Здесь перечислены только тридцать две камеры Последняя — тридцать третья, самая маленькая,— находилась в наиболее сухом районе, на верхнем этаже гнезда, дальше всего от водоводной трубки и в стороне от расплода. Эту маленькую камеру посещали разные муравьи, но она явно была необжитой: муравьи оставались тут совсем недолго. Помутневшая, а со временем все сильнее темнеющая поверхность гипса в этой нежилой камере рассеяла сомнения относительно того, как она используется. Кроме того, муравьи определенно стаскивали сюда со всего гнезда мусор, отбросы.
Так почему же разные камеры оказались заняты разными возрастами?
Если перестать увлажнять трубку в основании гнезда, верхние камеры станут суше, муравьи сразу почуют это и часть личинок перенесут в нижние, дольше всех остающиеся сыроватыми. Видимо, размещение пакетов, личинок, куколок объясняется в этом случае именно влажностью камер.
Расплоду каждого возраста требуются для развития какие-то условия, в том числе определенная влажность, малейшие колебания которой очень чутко воспринимаются антеннами. В погоне за нужными условиями муравьи и переносят с места на место и пакеты и куколок.

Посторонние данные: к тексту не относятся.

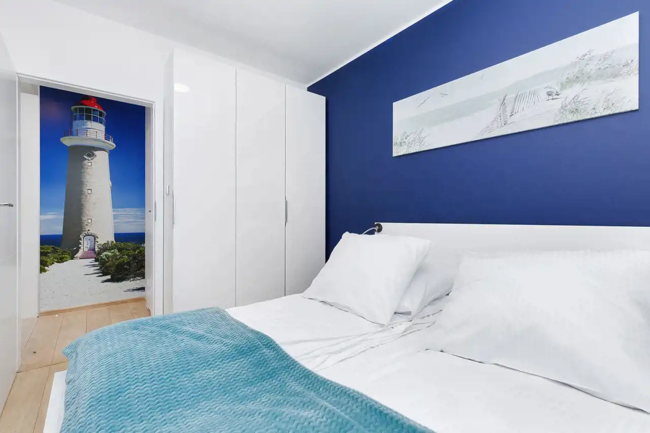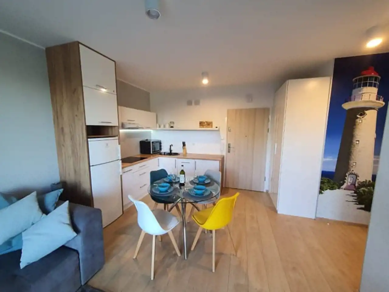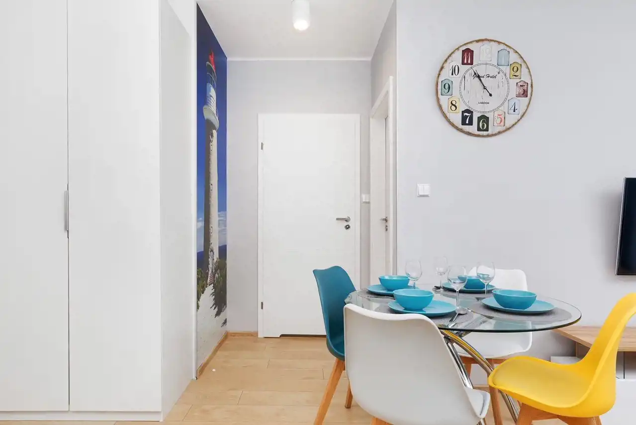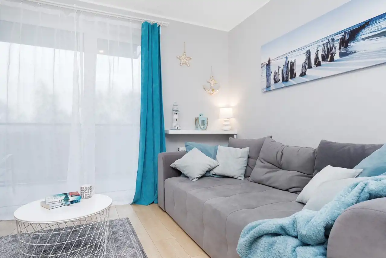 Sypialnia z wygodnym łóżkiem i szafą. Salon wyposażony jest w rozkładaną sofę, stolik kawowy, szafkę RTV oraz telewizor. Aneks kuchenny zawiera płytę indukcyjną, zmywarkę, lodówkę, ekspres do kawy, czajnik elektryczny, stół z krzesłami oraz pełne wyposażenie kuchenne (zastawa stołowa, sztućce, szklanki, kieliszki, garnki, patelnia).

Так постепенно выясняется, почему муравьи в гнезде не знают покоя: они вынуждены кормить яйца, юни постоянно возятся с личинками. Куколки у пчел, например, содержатся каждая в полном покое и строгой изоляции; муравьи же своих куколок переносят с места на место даже чаще, чем личинок или яйца.
Впрочем, и это не все.
Когда муравей созреет и ему приходит пора вылупиться из шелкового кокона, он его не сам покидает. Челюсти молодого муравья слишком мягки, чтобы справиться с жесткой скорлупой.
Выход из кокона открывают выполняющие роль повивальной бабки старшие муравьи. Они извне разрезают кокон и помогают своему новому собрату выйти. Делается это довольно энергично — впрочем, не настолько, чтобы причинить какой-нибудь ущерб новорожденному, который в эту пору еще до крайности нежен и хрупок.